Personal information
- Nationality: Finnish
- Born: 19 April 1967 (age 59) Kuopio, Finland
- Height: 175 cm (69 in)

Sport
- Sport: track and field
- Disability: Spinal cord injuries
- Disability class: T34
- Event(s): Shot put Javelin throw
- Club: Siilinjarven Ponnistus
- Coached by: Kimmo Kinnunen

Medal record
Women's athletics
Representing Finland
Paralympic Games
| Silver medal – second place | 2016 Rio de Janeiro | Javelin - F33/34/52/53 |
| Bronze medal – third place | 2012 London | Javelin - F33/34/52/53 |
| Bronze medal – third place | 2020 Tokyo | Javelin - F33/34/52/53 |
World Championships
| Silver medal – second place | 2013 Lyon | Javelin F33/34 |
| Bronze medal – third place | 2023 Paris | Javelin F34 |
European Championships
| Gold medal – first place | 2016 Grosseto | Javelin F34 |
| Gold medal – first place | 2018 Berlin | Javelin F34 |
| Silver medal – second place | 2012 Stadskanaal | Javelin F33/34/52/53 |
| Bronze medal – third place | 2012 Stadskanaal | Shot put F34 |
| Bronze medal – third place | 2014 Swansea | Javelin F34 |

= Marjaana Heikkinen =

Finnish Paralympic athlete (born 1967)

Marjaana Heikkinen (née Huovinen; born 19 April 1967) is a Finnish Paralympic athlete competing in F34 classification throwing events.

==Career==
Heikkinen represented Finland at the 2012 Summer Paralympic Games in London, entering the javelin throw and the shot put.
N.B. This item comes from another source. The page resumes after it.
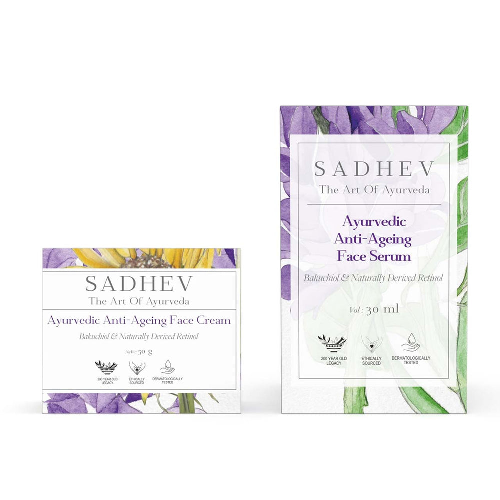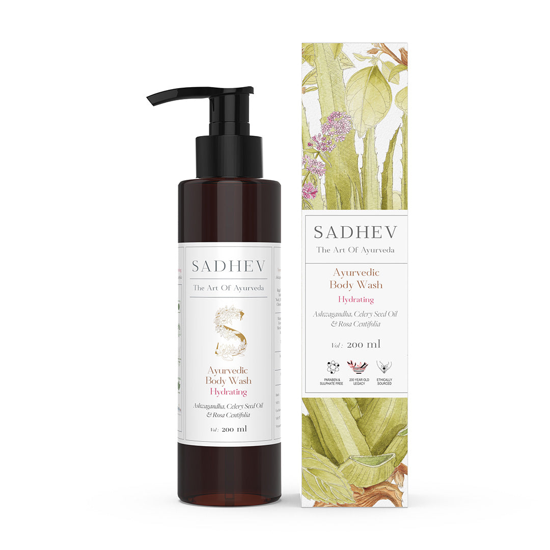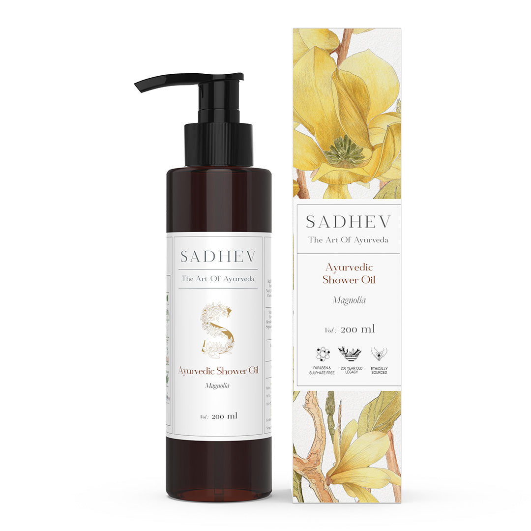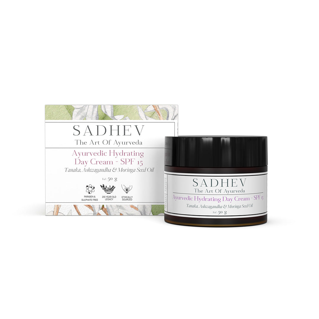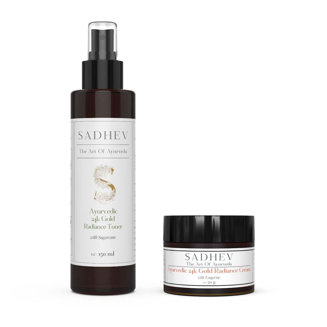 1. Cleanse - Use deep cleansing shower gel with natural ingredients like Shashtika Tailam, Juniper berries, etc. 2 Tone - Opt for pure rose water from Sadhev. 3. Work on specific skin concerns: Vitamin C Serum from Sadhev helps in reducing blemishes and imparts a gentle glow. 4. Moisturise: Apply a hydrating day cream. 5. - Use SPF 15 with Carrot, Indian madder and Licorice from Sadhev.

She finished fourth in the shot and in the javelin, which stretched over four classifications, she threw a distance of 19.47 metres to win the bronze medal. As well as Paralympic success, Heikkinen has won medals at both World and European Championships, including a javelin gold at the 2016 IPC Athletics European Championships in Grosseto.